• **Work request**: Each line in the material below, starting at the one that contains "Đại diện UBMTTQ" and ending at the one that contains "3. Тема № 1", should be repeated exactly; the pictures should not.

• **Supplied data**:

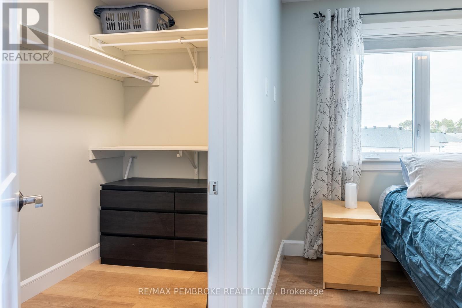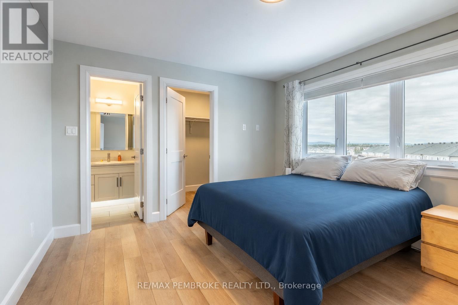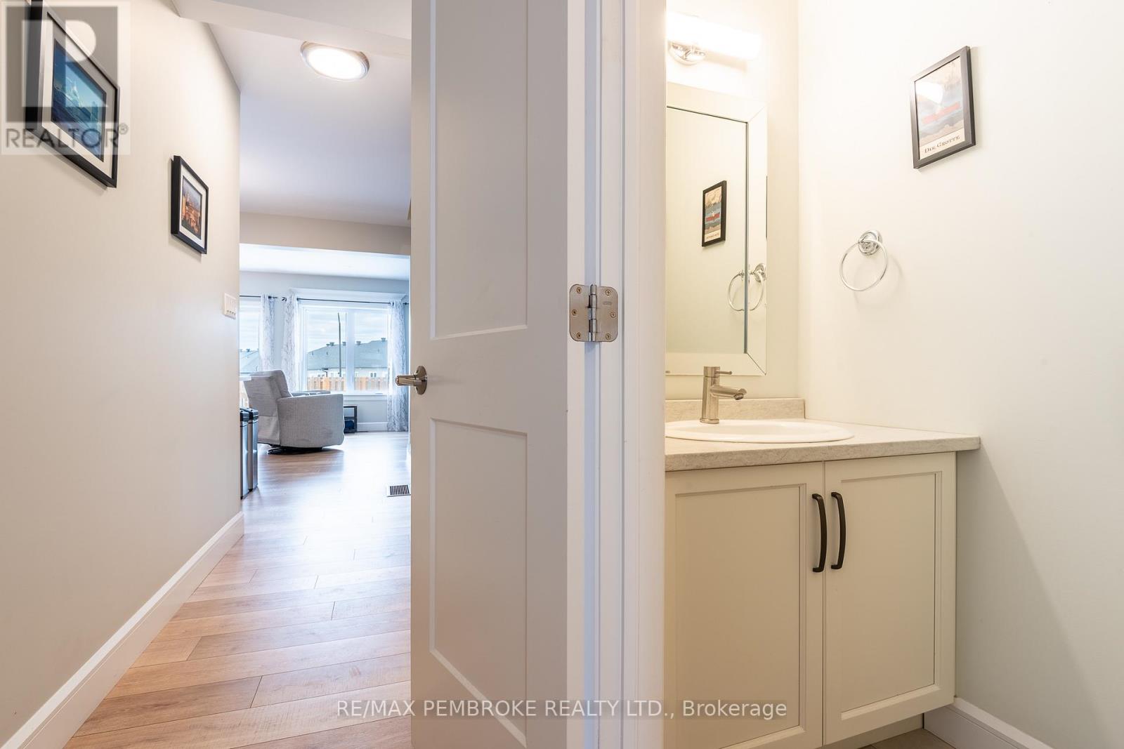 This modern, beautifully maintained three-bedroom, three-bathroom townhouse is ideal for someone looking for quality finishes and style throughout. This bright and airy home is move-in ready, whether to owner-occupy or as an investment property. The main floor features an open concept living-dining-kitchen layout with 8.5' ceilings and large windows offering ample natural light and patio doors that lead to a deck with a privacy partition- perfect for outdoor lounging. The generous kitchen is finished with plenty of custom cabinetry, a large island offering additional seating space, and stainless steel appliances. The main floor is completed with a convenient powder room and foyer with a large closet and direct access to the attached garage. Water-resistant and scratch-resistant flooring throughout the main and second levels; all bathroom floors have beautiful tile. The large primary suite includes an impressive walk-in closet and a full ensuite with a walk-in shower. Two additional bedrooms share a full bathroom, perfect for family or guests. The upper floor is complete with a handy laundry closet and a large linen closet. The upstairs bathrooms both feature toe-kick/under vanity lighting. The lower level has a spacious family room as well as a large enclosed storage area. This home offers the added convenience of an attached garage with an automatic opener. Close to Garrison Petawawa and a short commute to Highway 17 and CNL, this location is fantastic. Minimum 36-hour Irrevocable on any written Offer from a Buyer. (id:64974)
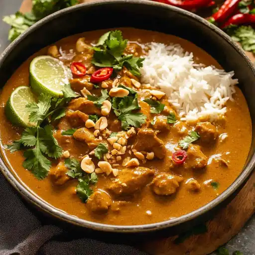 Remove the makrut lime leaves or lemongrass stalk from the curry. Add lime juice to taste, stirring it in to brighten the flavors of the sauce. Taste the curry and adjust the seasoning as needed, adding more salt, sugar, or chili powder to suit your preference. Serve the Chicken Satay Curry hot over rice (jasmine, white rice, or brown rice are all excellent choices). Garnish with chopped peanuts, cilantro/coriander leaves, and fresh chili, if desired.
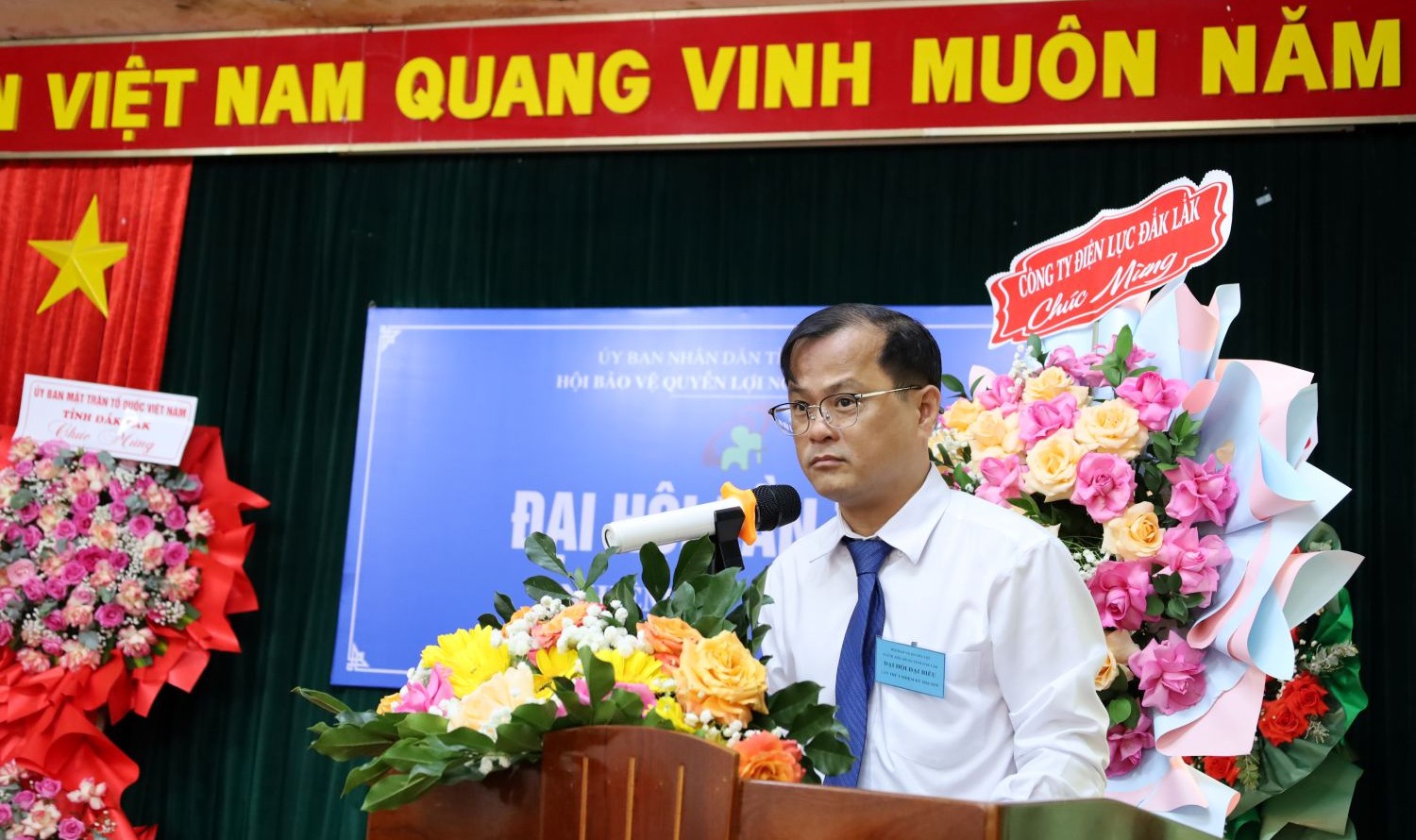 Đại diện UBMTTQ Việt Nam tỉnh tặng hoa chúc mừng Hội Bảo vệ Quyền lợi người tiêu dùng tỉnh Đắk Lắk
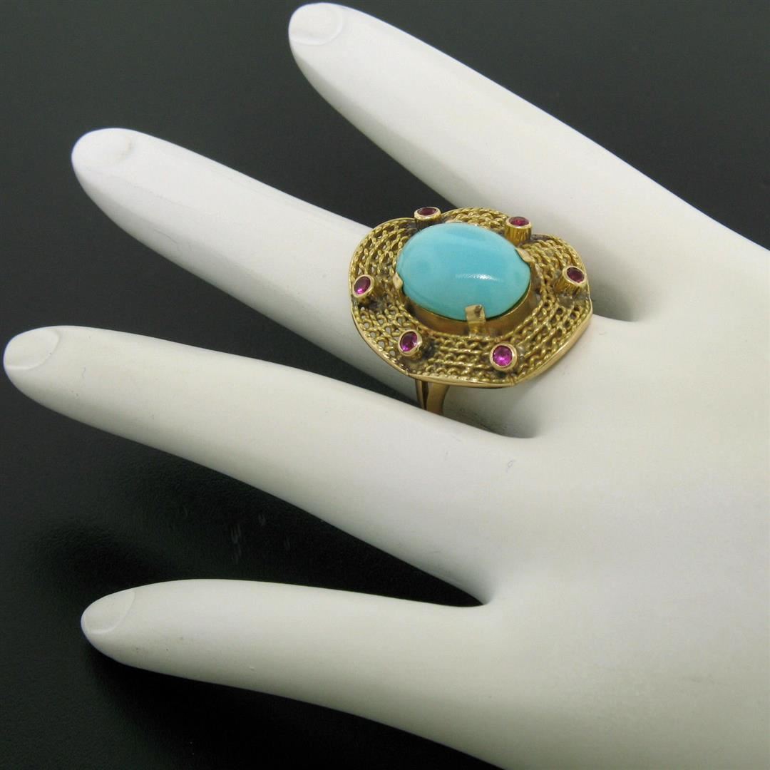 One Vintage Hand Made 18k Yellow Gold 5.3ctw Persian Turquoise & Ruby Wavy Halo Ring. Item Details - Material: 18k Solid Yellow Gold, Weight: 8.6 Grams, Stone(s): (1) Natural Genuine Persian Turquoise - Oval Cabochon Cut - Prong Set - Gorgeous Turquoise Color - 5.12ct (exact), (6) Natural Genuine Rubies - Round Cut - Bezel Set - Rich Red Color - 0.18ctw (approx.), Total Carat Weight: 5.30 (approx.), Ring Size: 7.5, Ring Width: 26.0mm, Ring Height: 8.62mm rise off the finger, Condition: Vintage piece. Original patina preserved. Excellent condition!
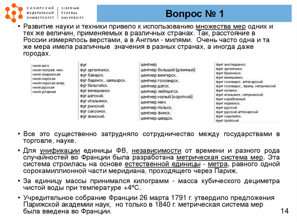 3. Тема № 1 «Основы метрологии» Занятие № 1
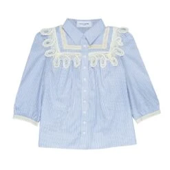 Made with 100%Tencel this couture button-down makes the perfect summertime party/ day ‘fit. Blue and white vertical stripes trimmed in ivory cotton-rich lace and slim mother-of-pearl front buttons. Relaxed fit body and mid-sleeves, gathered chest providing spacious waist hem to keep you cool on sunny days.
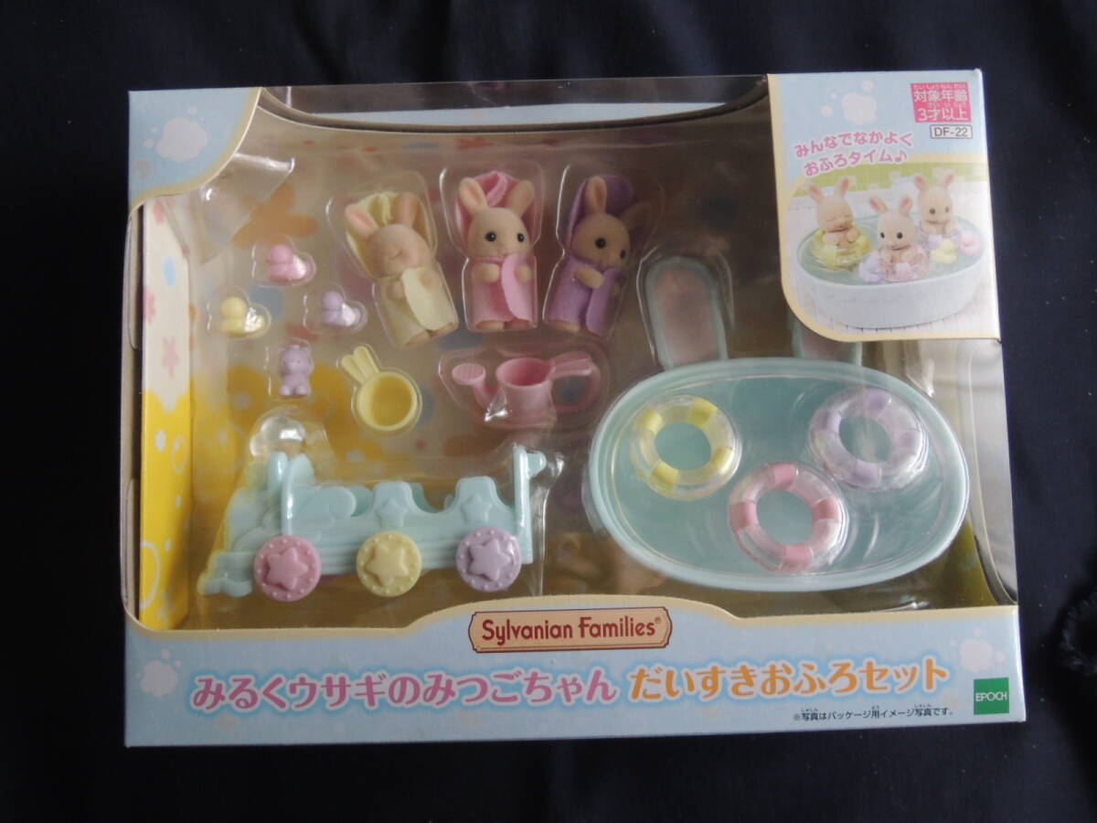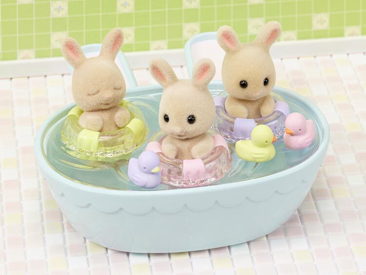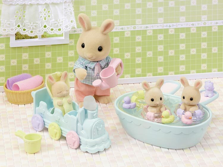 | W200×D55×H170mm ・小さくてかわいい、みるくウサギのみつごちゃんの、おふろお世話遊びが楽しめるセットです。 ・みつごちゃんをおふろにつれていくための手押し車が付いています。 ・おふろ小物もたくさんついています。 ・みつごちゃんはそれぞれ顔の表情が異なります。 【セット内容】 みるくウサギのみつごちゃん (にこにこ ピンク服)、みるくウサギのみつごちゃん(おすまし パープル服)、みるくウサギのみつごちゃん(おねむり イエロー服)、ベビーバス、水面パーツ、汽車の手押しぐるま、シャンプー、手おけ、ジョウロ、アヒルのおもちゃ(ピンク)、アヒルのおもちゃ(イエロー)、アヒルのおもちゃ(パープル) |

• **Your response**:
 Đại diện UBMTTQ Việt Nam tỉnh tặng hoa chúc mừng Hội Bảo vệ Quyền lợi người tiêu dùng tỉnh Đắk Lắk
 One Vintage Hand Made 18k Yellow Gold 5.3ctw Persian Turquoise & Ruby Wavy Halo Ring. Item Details - Material: 18k Solid Yellow Gold, Weight: 8.6 Grams, Stone(s): (1) Natural Genuine Persian Turquoise - Oval Cabochon Cut - Prong Set - Gorgeous Turquoise Color - 5.12ct (exact), (6) Natural Genuine Rubies - Round Cut - Bezel Set - Rich Red Color - 0.18ctw (approx.), Total Carat Weight: 5.30 (approx.), Ring Size: 7.5, Ring Width: 26.0mm, Ring Height: 8.62mm rise off the finger, Condition: Vintage piece. Original patina preserved. Excellent condition!
 3. Тема № 1 «Основы метрологии» Занятие № 1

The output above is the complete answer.